Fourth, incorporate Chinese pharmaceuticals into the medium and long-term supply structure, rather than as a short-term supplement. The advantages of Chinese pharmaceuticals lie in scale, stability, and sustainability. Short-term procurement is difficult to give full play to their value. It is recommended that purchasers incorporate Chinese pharmaceuticals into their medium and long-term procurement plans and establish long-term strategic cooperative relationships with Chinese pharmaceutical companies to achieve diversified layout of the supply chain and reduce the risk of a single supply source.

 

Conclusion

In the global pharmaceutical procurement landscape, Chinese pharmaceuticals are completing a profound transformation from a "low-cost option" to "one of the important procurement sources." This change is not driven by overnight policies, but is based on long-term accumulated production capacity, continuously improved quality systems, and high-intensity market competition. It is an inevitable result of the improvement of the comprehensive competitiveness of Chinese pharmaceuticals.

This not only tests the quality system and performance capacity of manufacturers, but also tests whether purchasers have an in-depth understanding of China’s pharmaceutical industry structure, export rules, and supply chain operation logic, and whether they can continuously manage compliance, quality, and delivery risks in a complex market environment.

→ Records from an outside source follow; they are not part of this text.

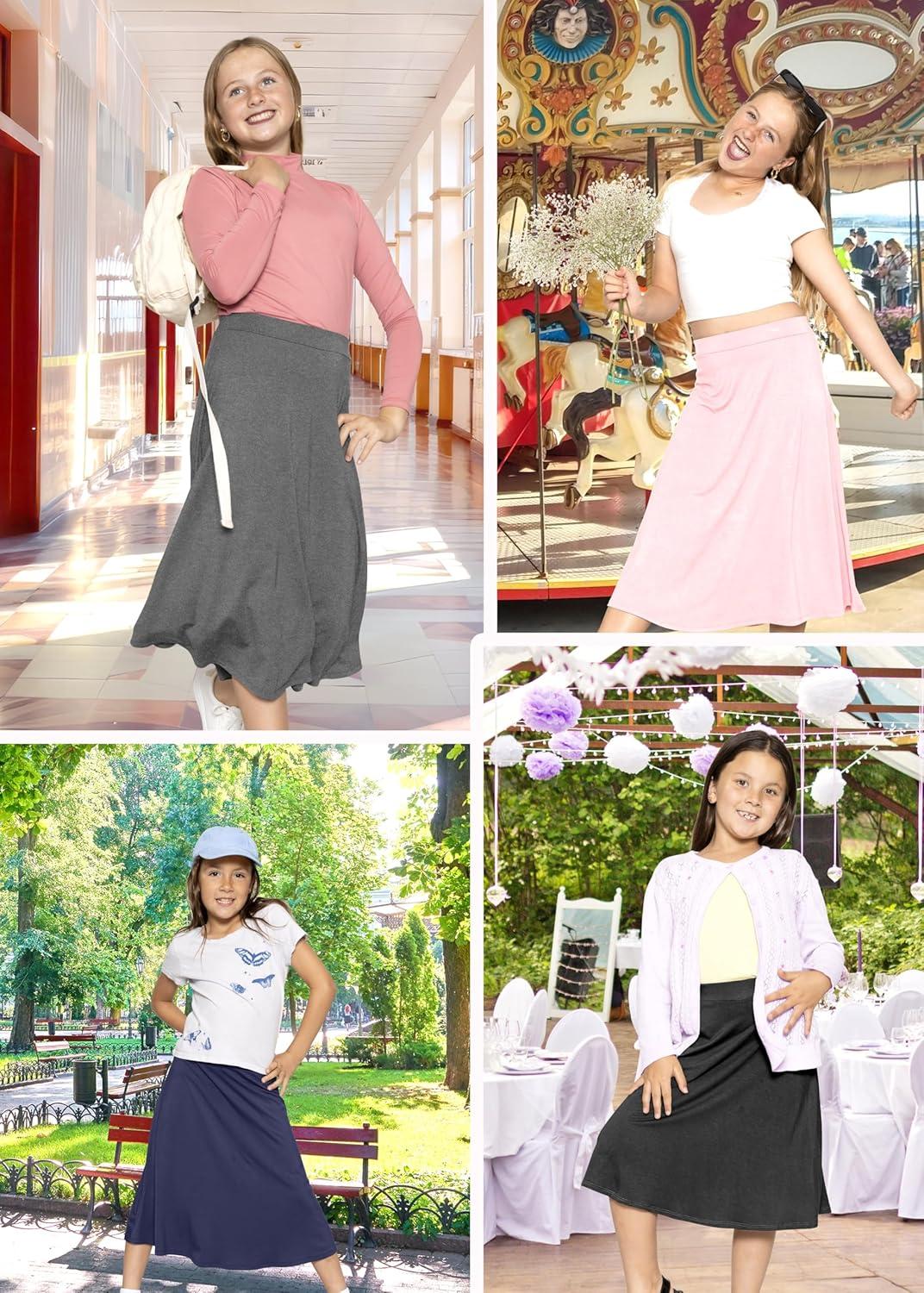 imageSTRETCH IS COMFORT Youth Girls Flowy ALine Skirt Knee Length and Ankle Length  Kids  Sizes 416Brown
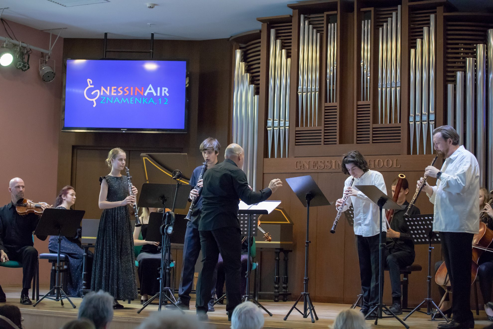 Параллельно с отчетными концертами днем, в 12.00 в Органном зале, в рамках фестиваля «GNESSIN AIR на Знаменке» выступал фестивальный оркестр старинной музыки под управлением фаготиста и дирижера Александра Посикеры, с программой «Солисты барокко». Подобные концерты в течение года с неизменными аншлагами проходят в Гнесинской школе, поскольку это уникальная возможность для музыкантов-солистов выступить с барочным коллективом, исполняя старинные произведения.
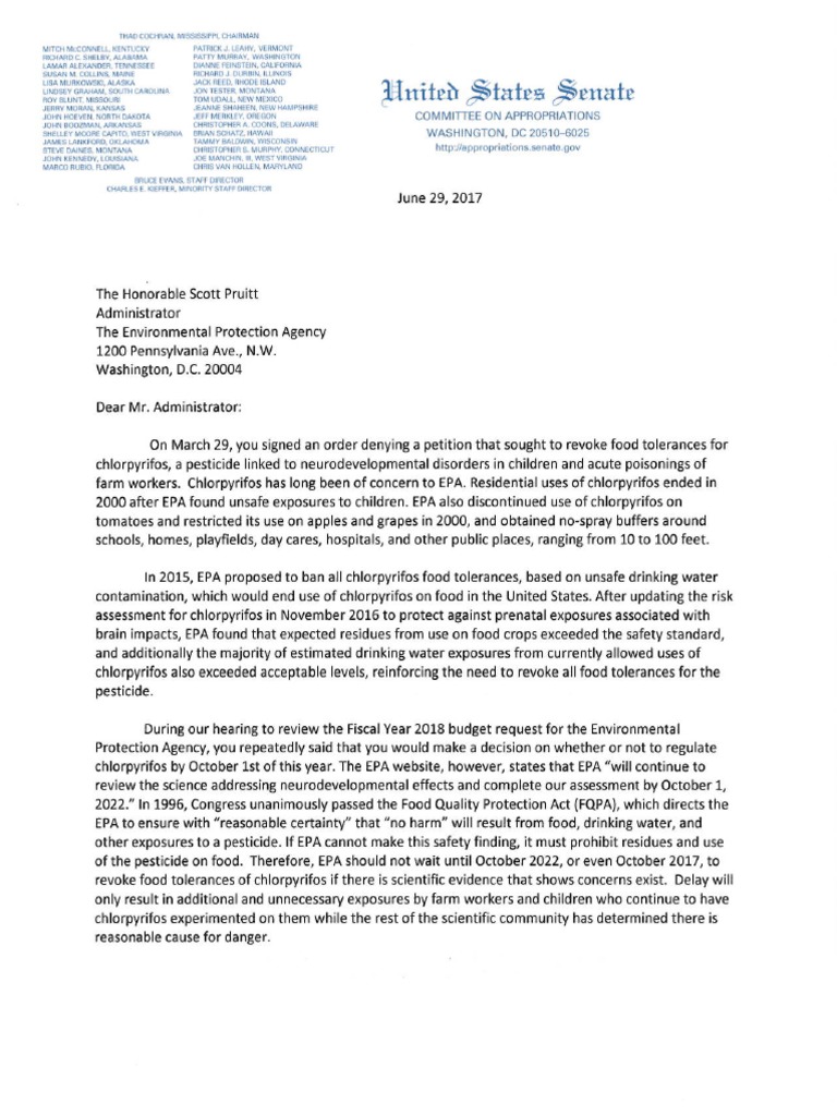 WASHINGTON — Today, U.S. Senator Tom Udall (D-N.M.), ranking member of the Senate Appropriations subcommittee that oversees the Environmental Protection Agency (EPA)’s budget, sent a letter to EPA Administrator Scott Pruitt demanding answers about his March 29 decision to reject a petition that sought to ban chlorpyrifos, a pesticide associated with neurodevelopmental disorders in children and acute poisonings of farm workers. In denying the petition, Pruitt reversed the EPA’s proposed ban on the use of chlorpyrifos on food crops — and rejected the scientific determination of EPA’s professional staff linking chlorpyrifos to brain damage and farmer and bystander poisoning.
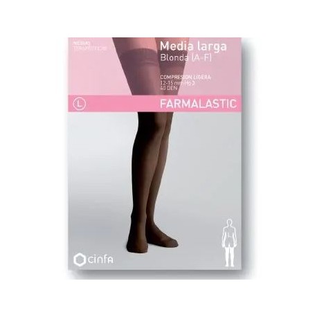 La media larga (A-F) Comp Ligera 40 Den de Farmalastic está diseñada para ofrecer una acción relajante frente a la sensación de fatiga y dolor en las piernas, así como para abordar problemas de circulación sanguínea superficial. Estas medias son indicadas para personas que pasan mucho tiempo de pie y para embarazadas que presentan síntomas leves de problemas circulatorios. La composición de esta prenda incluye un 85% de poliamida y un 15% de elastómeros.
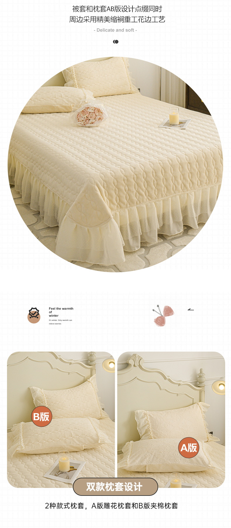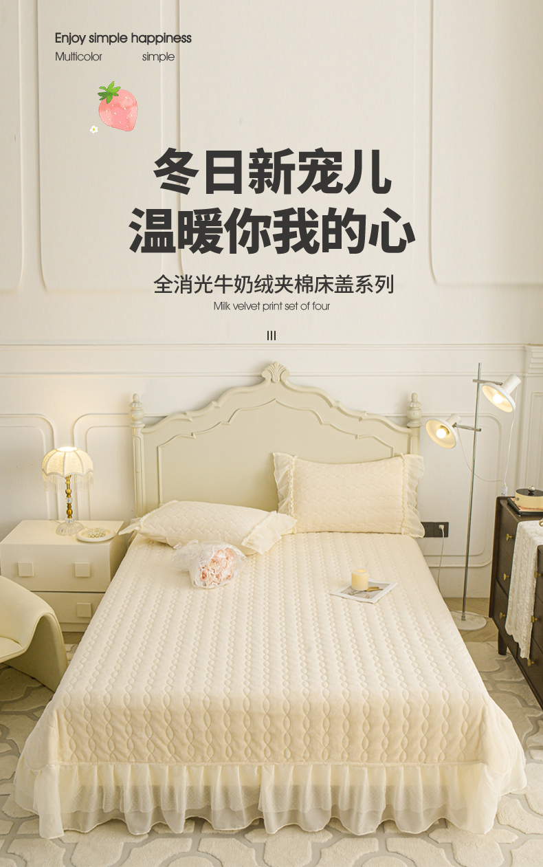 • 91家纺网 家纺一手货源 找家纺 胜权家纺 2025秋冬新款A类全消光高克重5D雕花牛奶绒仙女风夹棉床盖单品系列 梦安娜-浅米
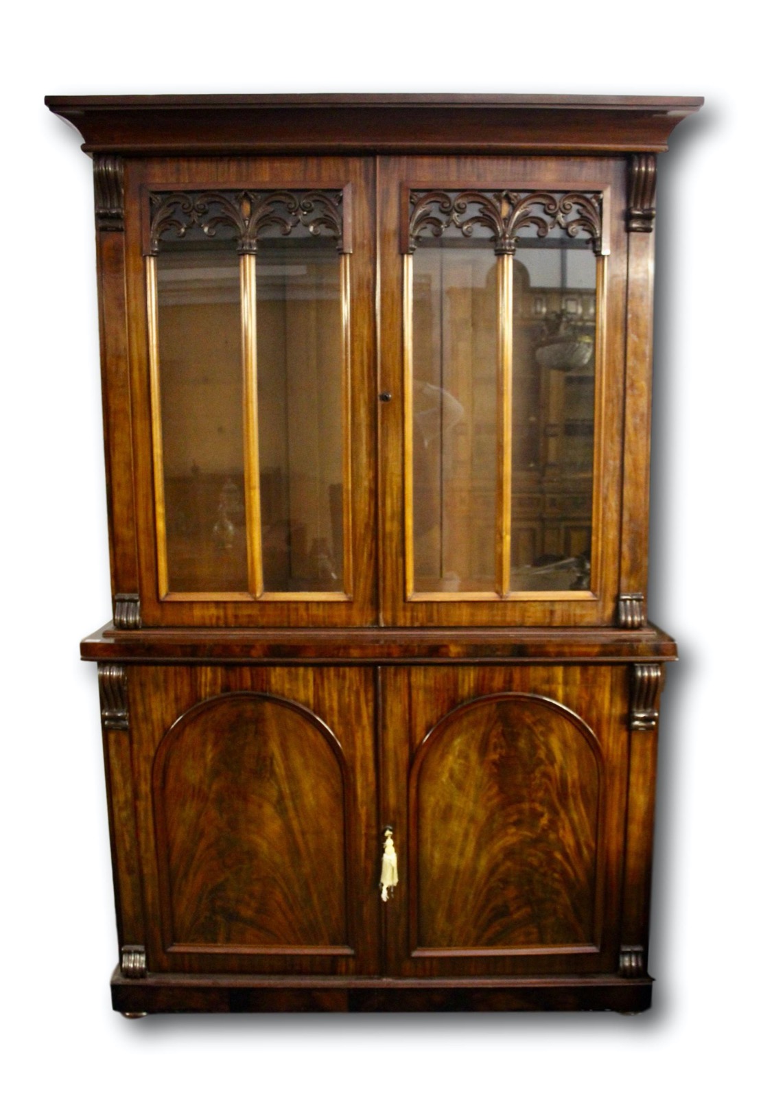 Standing over 8ft high with glazed doors to the front. This bookcase features decoration throughout including intricate carved scrollwork to the glass doors and arched panelling to the base. All made from finest quality mahogany timber.
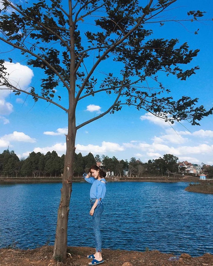 Nếu như muốn có những phút giây chill đúng điệu và tận hưởng bầu không khí trong lành, bình yên tại thị trấn nhỏ Đắk Mil thì bạn hãy đến với hồ Tây Đắk Mil. Nơi đây được ví như đôi mắt trong veo, long lanh và hiền hòa của cô gái trẻ. Khung cảnh ở hồ Tây Đắk Mil vừa đẹp lãng mạn lại có chút gì đó hoang sơ dù nằm giữa phố thị. Đặc biệt, về phía Tây Nam của hồ, những cánh rừng cà phê và cacao xanh mướt khiến ta liên tưởng đến hình ảnh của một ốc đảo xinh tươi, rất ấn tượng.

For international purchasers, understanding the true structure and capacity boundaries of Chinese pharmaceutical exports, abandoning the inherent perception that "Chinese pharmaceuticals only have price advantages," and taking the initiative to incorporate Chinese pharmaceuticals into long-term procurement systems will help build a more robust, sustainable, and cost-effective procurement system in the complex and changing global supply environment.

Today, Chinese pharmaceuticals are no longer an "alternative" in global procurement, but an "important option" worthy of long-term attention and in-depth cooperation. They are steadily integrating into the global pharmaceutical procurement system, contributing Chinese wisdom and strength to the global public health cause, and also bringing more cooperation opportunities for international purchasers.

It is against this background that Chinese pharmaceutical exports are gradually evolving from a transaction model centered on a single product to a global pharmaceutical collaboration model characterized by long-term cooperation, systematic supply, and joint risk management.